* [Task data]:
----------------------------------------
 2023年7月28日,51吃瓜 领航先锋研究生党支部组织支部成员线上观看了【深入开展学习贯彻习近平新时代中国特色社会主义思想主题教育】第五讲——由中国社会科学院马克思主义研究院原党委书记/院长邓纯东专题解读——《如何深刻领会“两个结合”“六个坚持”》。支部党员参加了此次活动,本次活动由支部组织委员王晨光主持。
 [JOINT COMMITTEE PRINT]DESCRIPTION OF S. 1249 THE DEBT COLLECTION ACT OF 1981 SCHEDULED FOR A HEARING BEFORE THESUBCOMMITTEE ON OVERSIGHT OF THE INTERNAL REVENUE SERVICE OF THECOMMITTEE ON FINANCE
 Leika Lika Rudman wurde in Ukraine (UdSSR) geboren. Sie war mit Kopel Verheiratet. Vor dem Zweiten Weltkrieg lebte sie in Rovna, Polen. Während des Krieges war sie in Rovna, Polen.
----------------------------------------
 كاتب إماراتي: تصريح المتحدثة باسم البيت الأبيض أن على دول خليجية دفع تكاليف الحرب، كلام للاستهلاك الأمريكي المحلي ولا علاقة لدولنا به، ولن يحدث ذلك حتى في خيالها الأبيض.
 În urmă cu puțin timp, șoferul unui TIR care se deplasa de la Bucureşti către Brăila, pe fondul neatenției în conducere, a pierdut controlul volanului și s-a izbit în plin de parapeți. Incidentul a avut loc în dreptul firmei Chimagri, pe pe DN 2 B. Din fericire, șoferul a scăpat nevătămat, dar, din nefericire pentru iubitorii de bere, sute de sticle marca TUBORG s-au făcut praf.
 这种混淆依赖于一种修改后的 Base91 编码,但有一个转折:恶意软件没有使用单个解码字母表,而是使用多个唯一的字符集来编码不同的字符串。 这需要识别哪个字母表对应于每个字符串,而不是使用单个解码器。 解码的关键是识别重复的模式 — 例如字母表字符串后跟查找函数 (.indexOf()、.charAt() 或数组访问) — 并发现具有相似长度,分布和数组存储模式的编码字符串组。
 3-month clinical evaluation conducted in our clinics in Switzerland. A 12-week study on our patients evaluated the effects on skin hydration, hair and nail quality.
----------------------------------------
* [Problem description]: Take the stretch of lines above from the one containing "2023年7月28日,51吃" through the one containing "Leika Lika Rudman" and repeat it exactly, adding no other line.

* [Result of the exercise]:
 2023年7月28日,51吃瓜 领航先锋研究生党支部组织支部成员线上观看了【深入开展学习贯彻习近平新时代中国特色社会主义思想主题教育】第五讲——由中国社会科学院马克思主义研究院原党委书记/院长邓纯东专题解读——《如何深刻领会“两个结合”“六个坚持”》。支部党员参加了此次活动,本次活动由支部组织委员王晨光主持。
 [JOINT COMMITTEE PRINT]DESCRIPTION OF S. 1249 THE DEBT COLLECTION ACT OF 1981 SCHEDULED FOR A HEARING BEFORE THESUBCOMMITTEE ON OVERSIGHT OF THE INTERNAL REVENUE SERVICE OF THECOMMITTEE ON FINANCE
 Leika Lika Rudman wurde in Ukraine (UdSSR) geboren. Sie war mit Kopel Verheiratet. Vor dem Zweiten Weltkrieg lebte sie in Rovna, Polen. Während des Krieges war sie in Rovna, Polen.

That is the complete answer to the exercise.